А между тем, почти машинально, он все-таки подымался вверх по ступенькам.

Вот и площадка пред дверью. Тут же какая-то еврейка стирала в корыте что-то вроде пелёнок и вопросительно посмотрела на Хвалынцева.

Константин остановился в замешательстве. Ему казалось, будто и эта еврейка, и те ребятишки, что играют на дворе, и тот дворник, что внизу указал ему лестницу и растолковал как пройти в "мешканье пана Паляницы" — будто все они знают и догадываются о цели его посещения. Рассудком он постигал, что такое предположение нелепо как нельзя более, но оно почему-то копошилось в его душе и было причиной его смущения. "Не хорошее, не честное дело"… снова шепнул ему внутренний голос и, после минутного колебания, Константин уже повернулся было с намерением уйти, как вдруг его окликнула еврейка:

— А чего пан шука?..[162] Може, до пана Паляницы?

Хвалынцев, как школьник, пойманный на месте преступления, смутился еще больше и, уж и сам не постигая как и для чего, ответил ей утвердительным кивком головы.

Предупредительная еврейка указала ему на дверь и даже сама дернула за шнурок звонка.

"Судьба… видно судьба!" мелькнуло в уме Хзалынцева! "Но… дай Господи, чтоб его не было дома!"

Дверь приотворилась, и из нее наполовину выглянула чья-то физиономия.

Еврейка поспешила объяснить, что пришедшему пану нужно пана Паляницу.

— Ваше имя? — отнесся к Хвалынцеву субъект, выглядывавший из-за двери.

Тот назвал себя.

— Прошу! — буркнул сквозь зубы вопрошавший и раскрыл пред ним настежь всю половинку.

Волей-неволей пришлось войти.

Константин очутился в тесной и грязной прихожей — она же и кухня — где на первом плане кидался в глаза закоптелый очаг или, так называемый здесь, «комин», у окна на ларе лежал врастяжку и храпел денщик.

— Прошу! — снова буркнул ему отворявший субъект и пропустил его в следующую комнату, неприглядная обстановка которой напоминала скорее нумер скверной гостиницы, чем жилую квартиру оседлого человека, и отличалась всеми излишествами холостого неряшества.

Хвалынцев не знал за кого следует принимать стоявшего пред ним человека, который в свой черед, остановясь посередине комнате, молча и вопросительно глядел на нежданного гостя.

Это был мужчина лет двадцати семи, длинного роста и жидкой комплекции, к которому как нельзя более подходило бы прозвище «дылды». Он был смуглый и сильный брюнет, с очень низким лбом и коротко остриженными волосами, которые торчали на голове его как жесткая щетка; в круто сведенных густых бровях его присутствовало характерное выражение неуклонности и упорства, но серые глаза уставлялись из-под этих бровей как-то тупо и неподвижно, напоминая своим выражением взгляд сонного окуня.
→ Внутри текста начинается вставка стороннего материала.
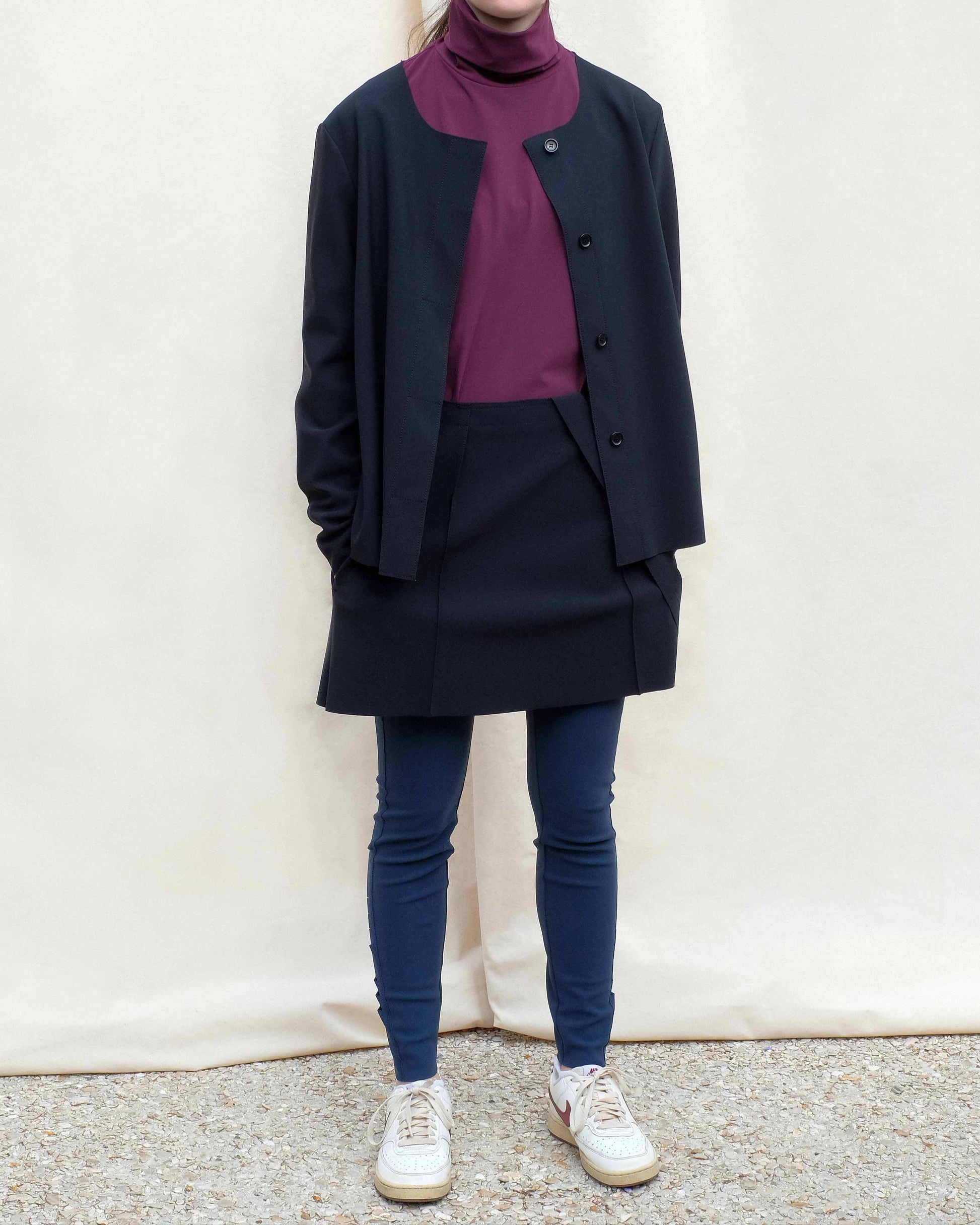 Looks great worn with a wide shirt, a turtleneck, with a boxy mens blazer JKT 4 or a cardigan coat CT 1. We like it under a pair of shorts.

Одет он был тоже довольно оригинально: на нем красовалась малороссийская сорочка с узорчато вышитым воротником и пазухой; сорочка эта запускалась в широкие нанковые шаровары, которые тоже были запущены в красные сафьянные чоботы не то малороссийского, не то бухарского покроя. Малороссийский широкий пояс, где перемешивались красный и зеленый цвета, стягивал его талию и с обоих боков спускался к коленам своими длинными концами. Недоставало только бараньей шапки, чтобы сейчас же поставить этого господина в "живые картины" изображать «парубка» на каком-нибудь спектакле любителей.

Хвалынцеву было очень неловко стоять под упорно-неподвижным взглядом неизвестного субъекта, и потому, чтобы прервать такое положение, он решился еще раз заявить, что ему нужно поручика Паляницу.

— Я Паляница, — глухим грудным голосом ответил на это дылда, все-таки продолжая глядеть на него своим рыбьим взглядом.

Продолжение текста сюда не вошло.